The most important business story of the week disappeared
Infosys, the IT giant, was hit with a massive $3.9bn bill for not paying a goods and services tax on services it essentially provided for itself overseas. As with all of these things, the details are bewilderingly complex. The assessment shows the reach and aggressiveness of India’s revenue service and how it can impose a destabilizing hit. Infosys’s share price seemed to take a genuine hit.
For an individual or ordinary business, the next step might be years of litigation and possibly a partial settlement. Even tycoons like Mukesh Ambani have tax cases that go on for years (though he always seems to win in the end). The attack on Infosys followed a different path. Infosys denied the validity of the claim and it was joined by NASSCOM, the industry trade group. Implicit in the objection was the threat that the tax can gut the IT services industry, one of India’s most important and one whose growth has often been ascribed to the notion that it is too complex to attract the meddling of the government (and the revenue service). Nasscom reportedly said the claim reflected a lack of industry understanding by the tax authority.
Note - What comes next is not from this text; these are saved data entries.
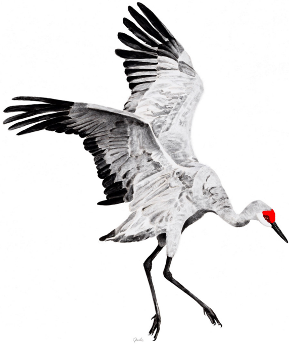
Crane Fever #3 2016 Acrylic on canvas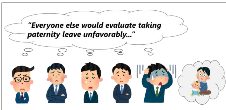
Fig. 1. Paternity leave in Japan and pluralistic ignorance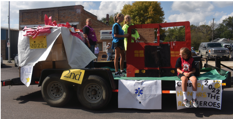
The eighth grade float took second place.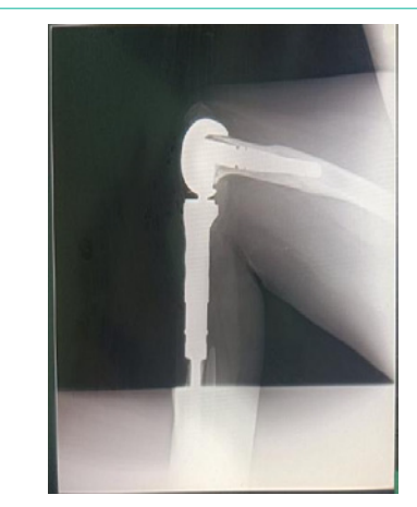
Figure 15: Fracture on prosthesis on femoral side consolidated after three months of orthopedic treatment with good knee mobility.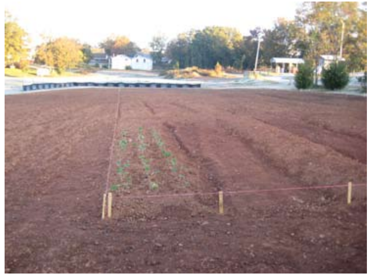
Strawberry Plants growing in the garden compliments of Hunter Farms

On October 10, 2011 Easley City Council passed a resolution establishing a Community Garden. You might wonder what a community garden is and what is its purpose? A community garden is nothing more than a piece of land gardened by a group of volunteers. The purpose of the garden is to help address the hunger issue in Easley and Pickens County.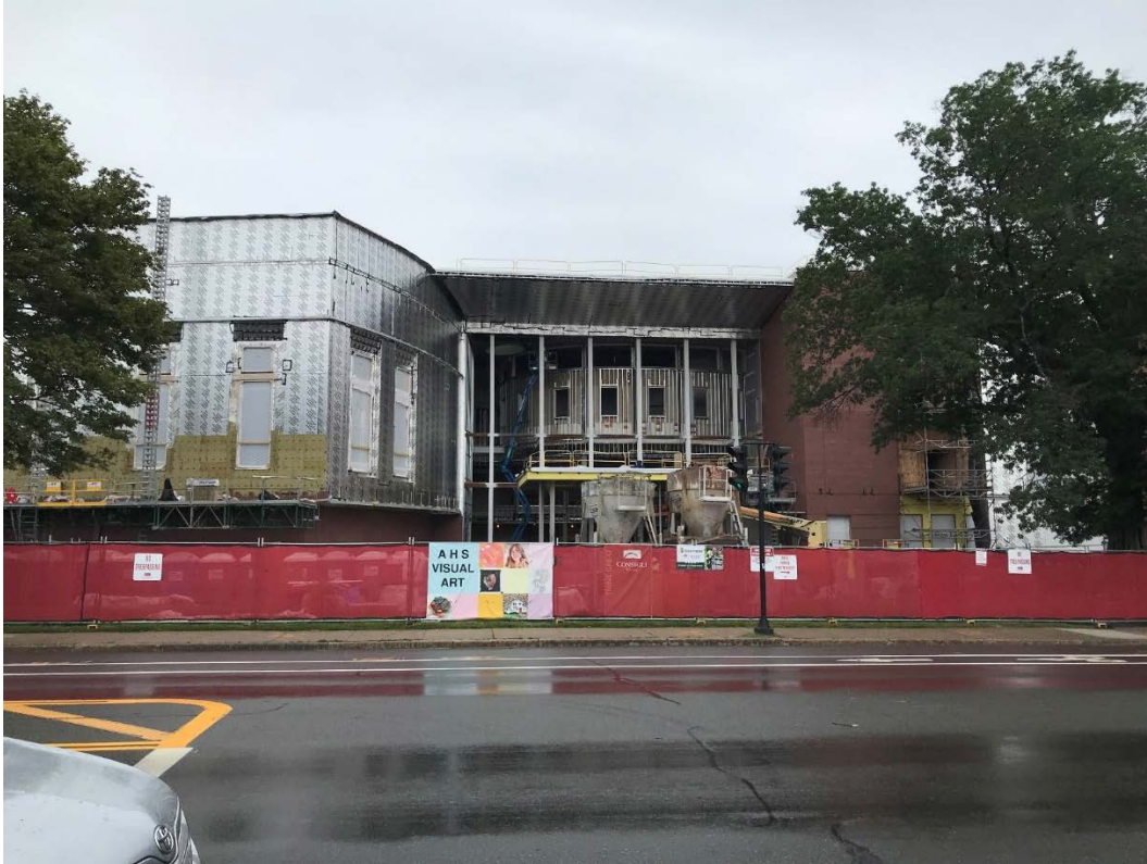
Photograph 1: Building D/E South Elevation (Main Entrance)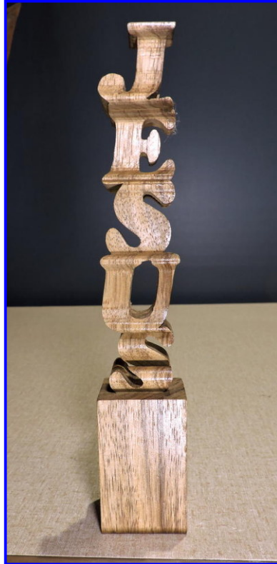
Compound Cut Word Art Will Brethauer Black Limba - Shellac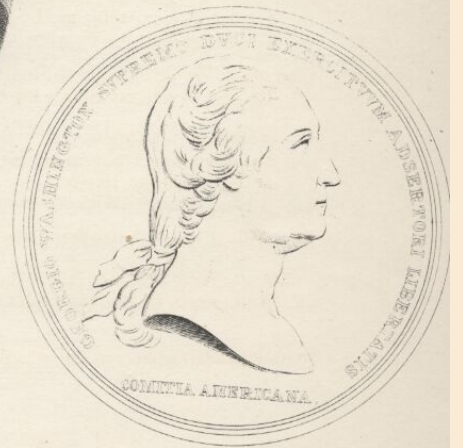
Washington by Congress on the Evacuation of Boston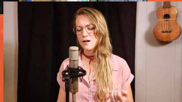
ARTIST: LAUREL MINNES - MINUSCULE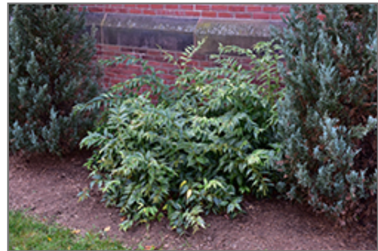
Rainbow Fetterbush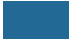
ROYAL BLUE QC 8790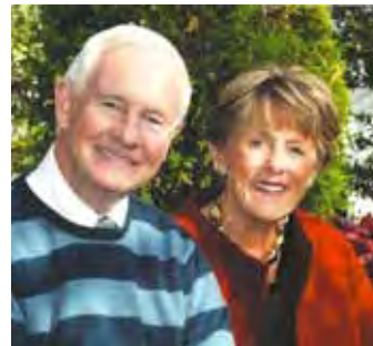
Their Excellencies the Right Honourable David Johnston, Governor General of Canada and Mrs. Sharon Johnston.

The CSPWC has been honoured by the Patronage of the new Governor General of Canada. Sworn in on October 1, 2010, His Excellency the Right Honourable David Johnston is the 28 th governor general since Confederation. This has been a long tradition of the Society and we have to reapply every time there is a change of Governor General.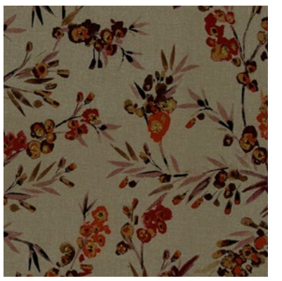
Bergamot Garnet Clay

Composition: 100% Cotton End Use: Multipurpose

Complaints in India are common; fast results are not. This time was different. The revenue service put out a muddled message revising the claim radically downward with vague statements about more information requests to come. This is widely interpreted as a face-saving retreat. The message for any company doing business in India is to be prepared for what can happen and understand what comprises an effective response. It is possible that Infosys is one of the few Indian companies that could have pulled this off. No sooner had this matter gone away than a report emerged of a tax case against Mahindra & Mahindra, a conglomerate producing tractors and cars among other products and services. It has reportedly received a notice from the revenue service for taxes due from the value of allowing its name to be used by subsidiaries.
Total number of taxpayers
Even if resolved amicably, these tax issue will continue if only because of the squeeze India finds itself in. This year, according to information released last week, a record 73m income tax returns were filed, up from 68m in 2023. The gain is significant but the overall number, in a country of 1.4bn, is tiny. The country’s poverty and the expansive goals of its government are incompatible, resulting in constant pressure to extract ever more revenue out of the very few entities that can pay.
Asking the big questions
Has the Modi Administration lost its mojo? Since the election big proposals have been all but missing as have key details to enable ones raised in the past to go forward. In India getting things done in the best of circumstances is hard. There are reasons to be happy about a coalition government but expedited reform may not be on the list.
Employment
A new government survey of informal business shows a slight expansion in the number that are headed by women–22.9% in the fiscal ending at the conclusion of the 2023 fiscal year compared to 19.5% in the year end in March of 2016.
Formal business
The number of new businesses registering with the Employees’ Provident Fund, a measure often thought to reflect the growth of formal companies, reached 294,256 in the most recent fiscal year, concluding at the end of March. That is certainly the best result in five years and may be a record.
Family business
McKinsey reports that Indian family-controlled businesses, which are most businesses, have higher than average returns. That is somewhat surprising and requires closer examination but is interesting if true. Slowly, many families are bringing in merit-based outside management to replace entitled children but it is a long process. Ultimately, it is hard to imagine many of the largest family businesses will stay in family hands. The largest question hangs over the Ambani children. The wedding of the youngest of the three, Anant, has been endless. Do the children even want to run a company or will Reliance shift to outsiders, as with what happened with the Rockefeller’s as they moved out of Standard Oil. Gautam Adani, patriarch of the other major conglomerate, disclosed that his vast empire will remain intact under the succeeding generation after his retirement, though no one really expects him to retire. Other families, notably the ones controlling the large TVS and Godrej industrial empires, have recently split to enable different branches to have their own operations.
Chinese steel dumping
Steel imports rose 38% in fiscal 2024. The domestic steel industry is investing heavily and contends cheap imports from China will derail their efforts. This is merely the most recent flash point in trade and business between the two countries with the added twist that the steel, though originating in China, might be routed through South-East Asian countries - further complicating trade relationships.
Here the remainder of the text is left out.